I doubt Jamie considers himself an environmentalist, but he does more to foster natural culture than many college folk who could tell you how many parts per million of carbon is currently in the air. He gardens, cans, hunts, fishes, raises and butchers his own meat. He farms organically and built his own house. If he were to write a book, I’m not sure how he’d articulate his values.
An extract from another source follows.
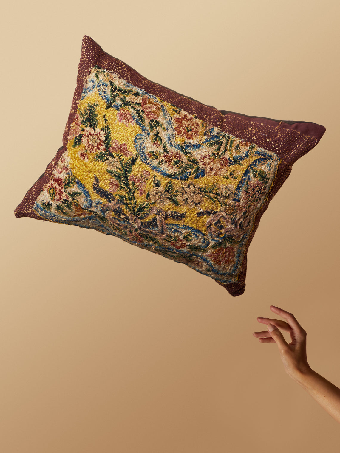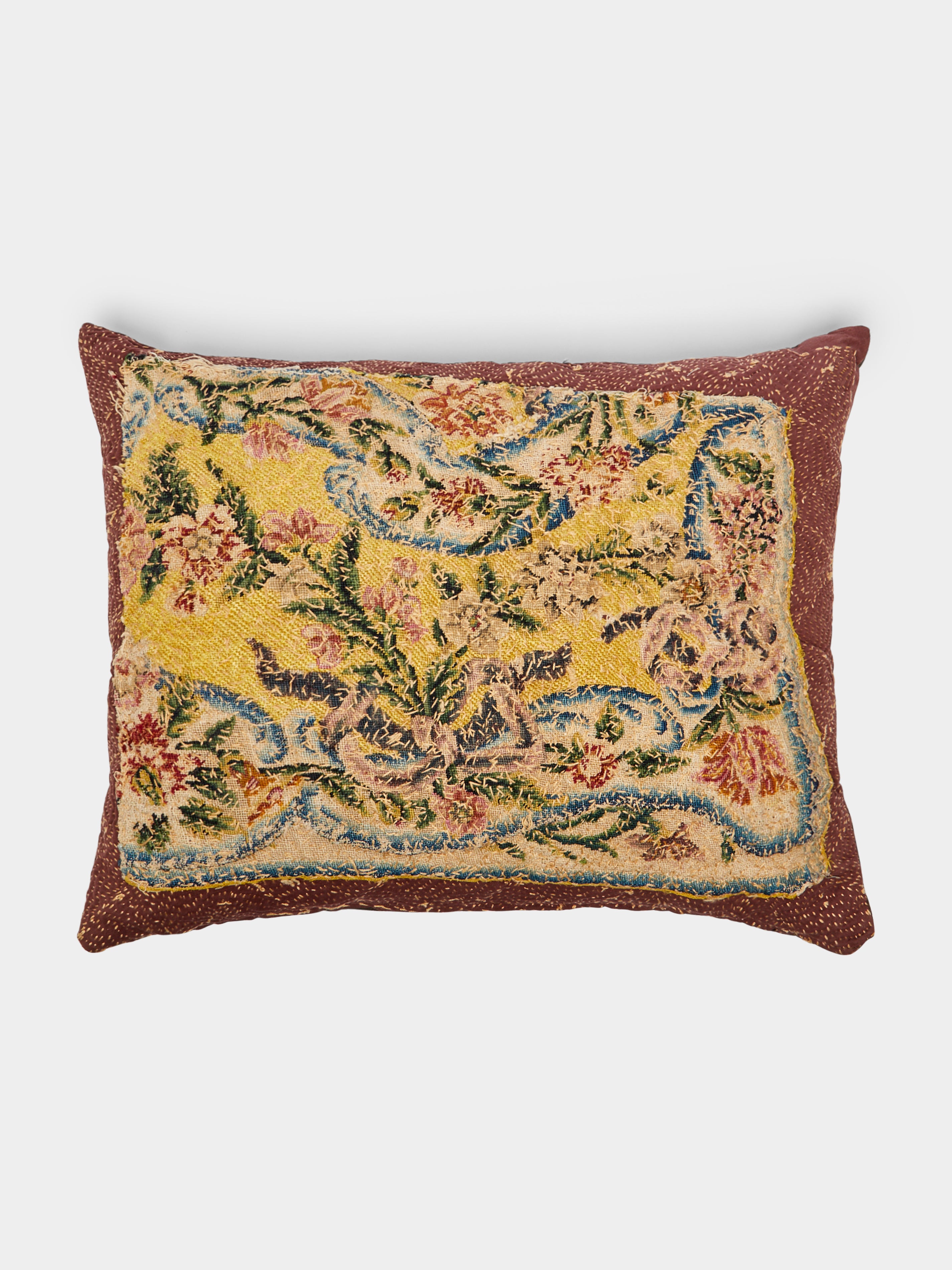 By Walid 18th-Century English Needlepoint Linen Cushion (25in/64cm)

Maybe he’d call it “Deep Ecology and the Second Amendment” or maybe “The Eco-Hick’s Guide to Guns and Self-Reliance.” Whatever the philosophies and values swirling around in him, his knowledge of the land, the local animal communities, tree identification, family-scale food production and the practical skills that enable him to care for many of his own needs and the needs of his family and neighbors are what urban runaways like myself strive for.
Of course, on the political map, and in the minds of many liberal urban professionals, Jamie is something else. He is one of the nameless, blood-thirsty creatures prowling in a sea of red, enclosing the blue urban centers with rural carnage. He is the cancer of the body politic, the virus leading to fascism, the racist, gun-toting, people-hating, oil-loving savage threatening the cosmopolitan, enlightened, sustainable, diverse, evidence-based civilization. He is the monster under the beds of the corporate professionals, the scary Trump-voter who—in liberal fantasies—wakes up in the morning roaring racial slurs, who would never wear a pussy hat on his head but disgustingly might use the word in a demeaning way. In short, Jamie is not Jamie at all, but the fantasy alt-villain of the Left: the Right.
Please forgive this descent into the toxic waters of politics. My point is not to get lost in conventional debate here. But seeking to heal from the culture war, I want to uncover the bodies of my neighbors, which industrial stories kick in the face, deform, and then at election time bury beneath the red-blue map. Aligned with my neighbors, I want to stand in a place off that map, outside those stories. From the world of actual bodies, I want to embody a story outside the industrial story machine.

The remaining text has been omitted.